» Source material:
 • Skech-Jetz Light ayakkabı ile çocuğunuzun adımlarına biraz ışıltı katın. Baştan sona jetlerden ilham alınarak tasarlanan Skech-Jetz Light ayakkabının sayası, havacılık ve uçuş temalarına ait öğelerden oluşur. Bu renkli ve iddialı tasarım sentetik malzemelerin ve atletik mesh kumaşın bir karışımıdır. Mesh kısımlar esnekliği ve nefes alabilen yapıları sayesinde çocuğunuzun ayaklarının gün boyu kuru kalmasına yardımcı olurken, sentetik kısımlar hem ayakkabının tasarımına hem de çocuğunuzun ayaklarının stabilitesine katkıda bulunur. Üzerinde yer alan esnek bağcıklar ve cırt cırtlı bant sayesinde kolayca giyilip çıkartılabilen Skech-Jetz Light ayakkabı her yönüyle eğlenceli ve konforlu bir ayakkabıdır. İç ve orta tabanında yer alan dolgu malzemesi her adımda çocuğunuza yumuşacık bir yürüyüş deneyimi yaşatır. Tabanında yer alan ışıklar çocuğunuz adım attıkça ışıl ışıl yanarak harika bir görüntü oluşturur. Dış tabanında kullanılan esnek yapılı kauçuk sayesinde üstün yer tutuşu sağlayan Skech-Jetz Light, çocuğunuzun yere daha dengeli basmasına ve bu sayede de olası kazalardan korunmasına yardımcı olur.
...
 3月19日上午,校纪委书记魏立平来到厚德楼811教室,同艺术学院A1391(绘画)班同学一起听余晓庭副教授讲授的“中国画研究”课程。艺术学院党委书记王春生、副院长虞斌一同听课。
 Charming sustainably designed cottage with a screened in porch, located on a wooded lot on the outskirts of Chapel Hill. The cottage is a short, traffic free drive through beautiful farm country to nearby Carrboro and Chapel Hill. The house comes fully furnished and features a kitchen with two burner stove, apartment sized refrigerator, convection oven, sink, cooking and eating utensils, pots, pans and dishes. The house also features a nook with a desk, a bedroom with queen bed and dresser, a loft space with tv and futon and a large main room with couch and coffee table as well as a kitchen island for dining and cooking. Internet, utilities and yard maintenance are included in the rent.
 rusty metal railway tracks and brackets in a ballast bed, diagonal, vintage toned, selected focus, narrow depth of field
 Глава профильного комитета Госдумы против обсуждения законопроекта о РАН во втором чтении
* * *
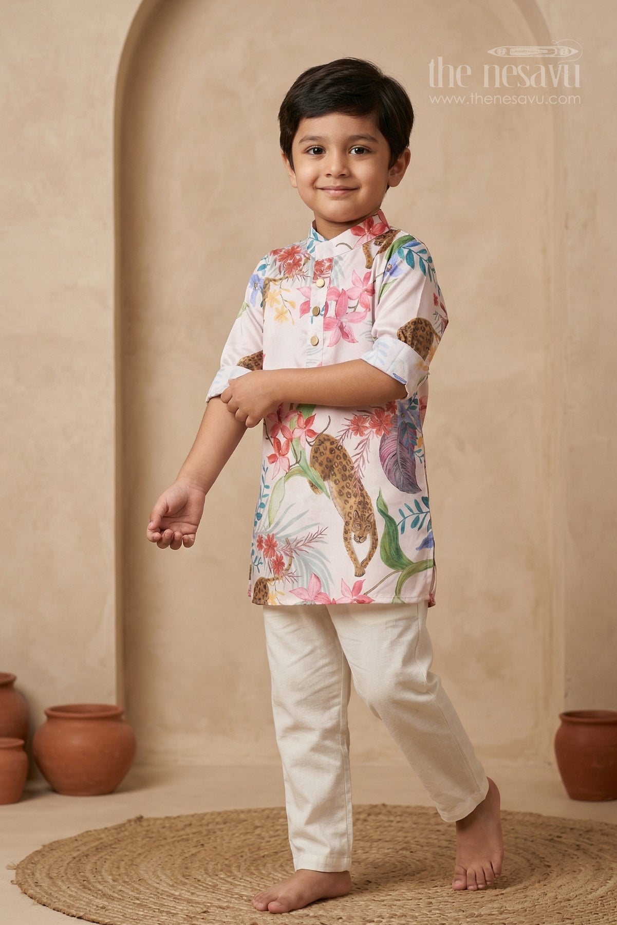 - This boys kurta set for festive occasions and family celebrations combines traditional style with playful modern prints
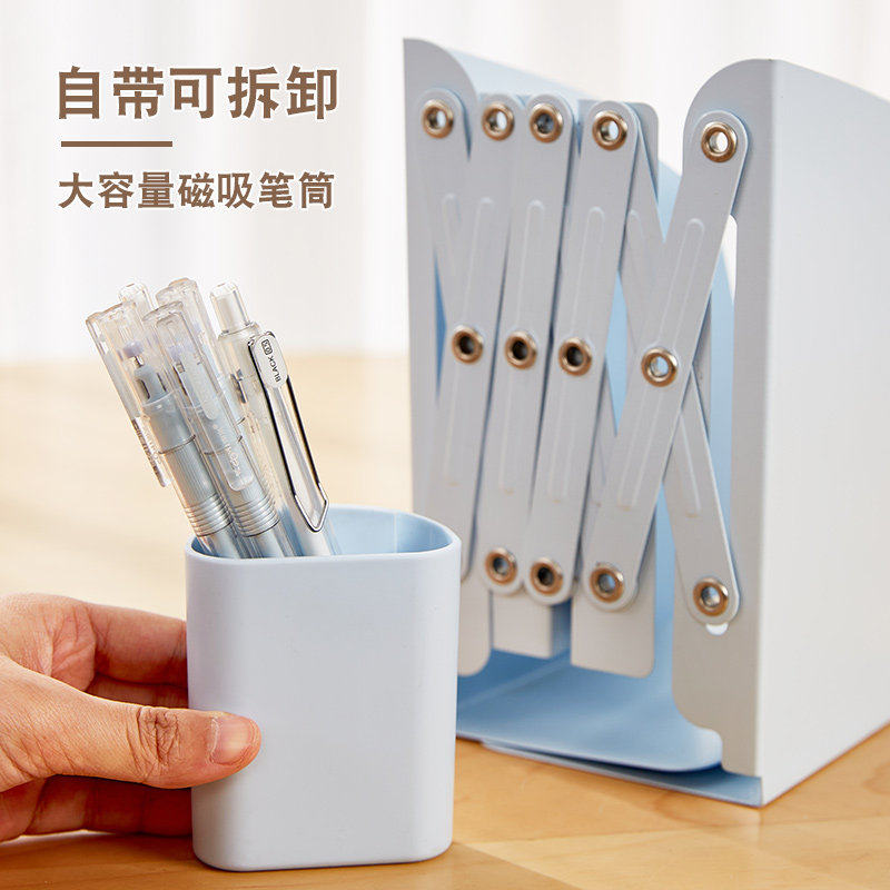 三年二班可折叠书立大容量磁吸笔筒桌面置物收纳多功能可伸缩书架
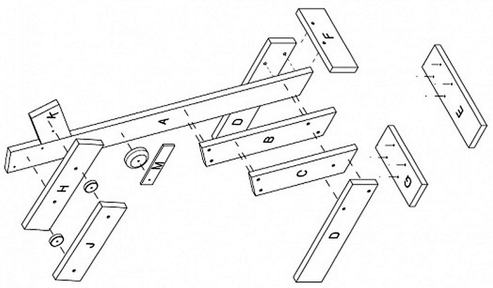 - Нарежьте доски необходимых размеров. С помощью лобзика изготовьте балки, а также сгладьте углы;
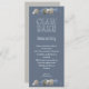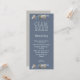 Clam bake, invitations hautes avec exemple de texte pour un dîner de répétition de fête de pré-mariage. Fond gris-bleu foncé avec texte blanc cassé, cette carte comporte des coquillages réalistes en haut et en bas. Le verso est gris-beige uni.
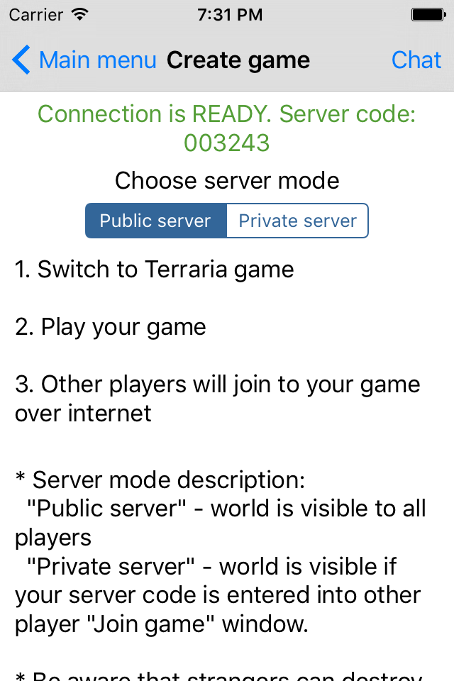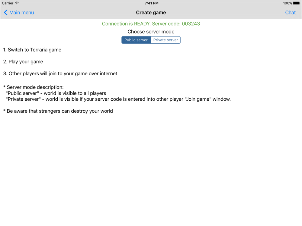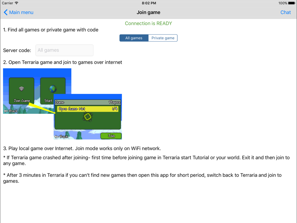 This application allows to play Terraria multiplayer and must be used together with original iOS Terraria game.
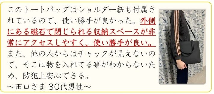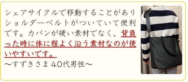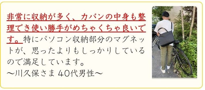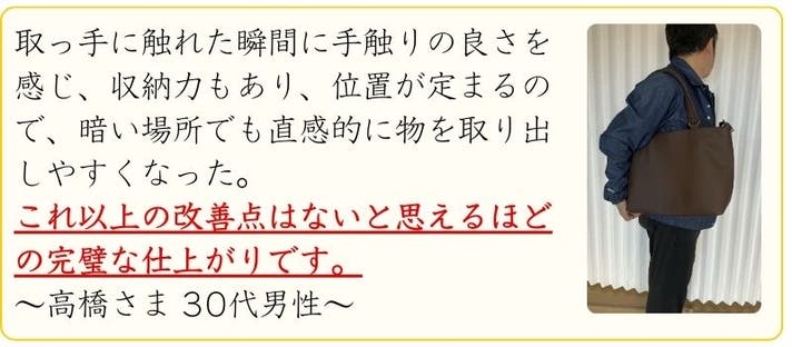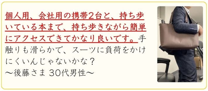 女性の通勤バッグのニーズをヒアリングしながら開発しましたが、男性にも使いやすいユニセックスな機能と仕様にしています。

» Your assignment: Within the material above, copy exactly the lines from the line that holds "3月19日上午,校纪委书记魏" up to and including the line that holds "Глава профильного комитета".

» Output for this task:
 3月19日上午,校纪委书记魏立平来到厚德楼811教室,同艺术学院A1391(绘画)班同学一起听余晓庭副教授讲授的“中国画研究”课程。艺术学院党委书记王春生、副院长虞斌一同听课。
 Charming sustainably designed cottage with a screened in porch, located on a wooded lot on the outskirts of Chapel Hill. The cottage is a short, traffic free drive through beautiful farm country to nearby Carrboro and Chapel Hill. The house comes fully furnished and features a kitchen with two burner stove, apartment sized refrigerator, convection oven, sink, cooking and eating utensils, pots, pans and dishes. The house also features a nook with a desk, a bedroom with queen bed and dresser, a loft space with tv and futon and a large main room with couch and coffee table as well as a kitchen island for dining and cooking. Internet, utilities and yard maintenance are included in the rent.
 rusty metal railway tracks and brackets in a ballast bed, diagonal, vintage toned, selected focus, narrow depth of field
 Глава профильного комитета Госдумы против обсуждения законопроекта о РАН во втором чтении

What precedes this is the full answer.